Не все изменения цвета мицелия фактически являются заражением. Грибной мицелий выделяет желтоватую жидкость — это продукт его обмена веществ, который собирается капельками вокруг зёрен покрытых мицелием. По мере старения культуры и постепенного переваривания зерна скапливается всё больше отходов жизнедеятельности мицелия. Эти выделения состоят по большей части из спиртов (этанол и ацетон) и со временем появляются кислоты, которые снижают уровень pH субстрата. Эти отходы создают благоприятные условия для размножения бактерий, которые буйно разрастаются в них. Небольшие количества этой жидкости не представляют опасности для культуры; избыточное количество жидких продуктов обмена веществ (когда сам мицелий приобретает желтоватый оттенок) определённо нежелательно. Если жидкости скопится слишком много, то мицелий ослабнет и скорее всего погибнет в собственной экскреции. Такое избыточное «потение» показатель одного или комбинации следующих условий:

1. Температура инкубации слишком высока для данного вида. Учтите что температура внутри банки на несколько градусов выше температуры окружающего её воздуха.

2. Старение культуры; слишком долгий период инкубации.

3. Недостаток воздухообмена способствующий развитию анаэробных бактерий.

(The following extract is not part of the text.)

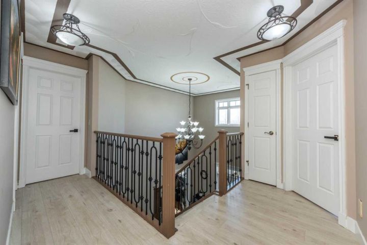 Your dream acreage awaits! Discover this beautifully updated 2-acre property ideally located just minutes from Calgary, Airdrie, Highway 2, and CrossIron Mills. Bring the kids, acreage toys, and RV — there’s room for it all! This stunning two-storey family home with a heated triple car garage offers over 2,611 sq. ft. above grade plus an additional 1,312 sq. ft. of fully developed basement space. Built in 2000 and thoughtfully renovated, this home features a fresh coat of paint, new hardwood flooring, updated lighting, dog fencing, garden for summer vegetables, new kitchen chimney, and new patio cover with glass railing — perfect for relaxing or entertaining outdoors. The gourmet kitchen boasts granite countertops, light maple cabinetry, a large island with breakfast bar and wine rack, and brand-new stainless-steel appliances, including a new fridge, oven, and dishwasher. The laundry room includes a new washer and plenty of storage. The main floor greets you with a grand entryway and wrap-around covered veranda, flowing into a bright breakfast nook and spacious living room divided by a stone-faced three-sided gas fireplace. Double French doors lead to a formal dining room or private office. Upstairs features four spacious bedrooms, including a primary suite with a 6-piece ensuite featuring a corner soaker tub and tiled shower. The main bath includes double sinks, a laundry chute, and a large skylight for natural light. The fully developed basement offers in-floor heating, two additional bedrooms, a 4-piece bath, and large recreation and family room. Recent upgrades include a new in-floor boiler system and oversized hot water tank. Outside, enjoy a massive back deck with new patio cover and glass railing, overlooking a lush meadow surrounded by mature poplars and six fruit trees (plum, cherry, apple, and apricot). Property highlights include an oversized standalone storage shed, ample asphalt parking, and a dedicated RV pad. This property offers the perfect blend of country tranquility and city convenience — ideal for families, hobbyists, or professionals needing extra space for vehicles and equipment. Amazing value — priced to sell, and it won’t last!
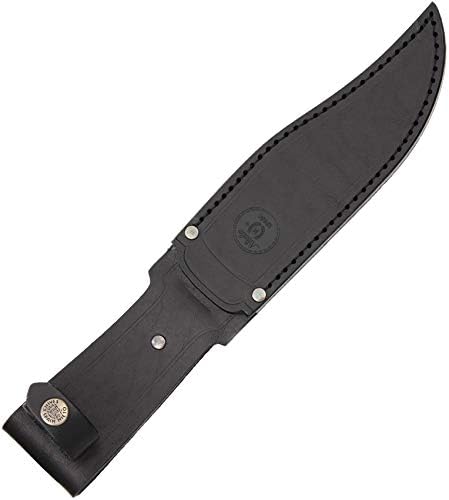 11 7/8" overall. 7" blade. Acero AN-58 Inox steel bowie style clip blade. Full tang. Finger grooved natural olive wood handles. Black finish steel guard, pommel, trim, and inlay shield. Black leather belt sheath.

Инфицированные банки должны уничтожаться стерилизацией и не храниться дольше недели. Не вскрывайте банки заражённые плесенью, если они не были автоклавированы или источник заражения не был определён как неопасный. Некоторые контаминанты свойственные грибной культуре являются патогенными для человека и могут вызывать разнообразные кожные и респираторные заболевания. (См. Главу XIII о заболеваниях грибной культуры). Автоклавируйте заражённые банки 30 минут при 1,05 атм (15 psi) и затем сразу очищайте их. Во многих автоклавированных банках инфекция появляется снова, если их содержимое не уничтожить в течении нескольких дней.

Если существует исключительно высокий уровень заражения, проверьте все вероятные источники заражения и особенно качество изначальной культуры в мастер-банках (в частности влажность зерна) и общую гигиену непосредственного окружения. Как только культура полностью покроет мицелием зерно и её качество не будет вызывать сомнений полученную грибницу можно будет использовать для инокуляции бедных субстратов или выкладывать в лотки, наносить покровный слой для плодоношения.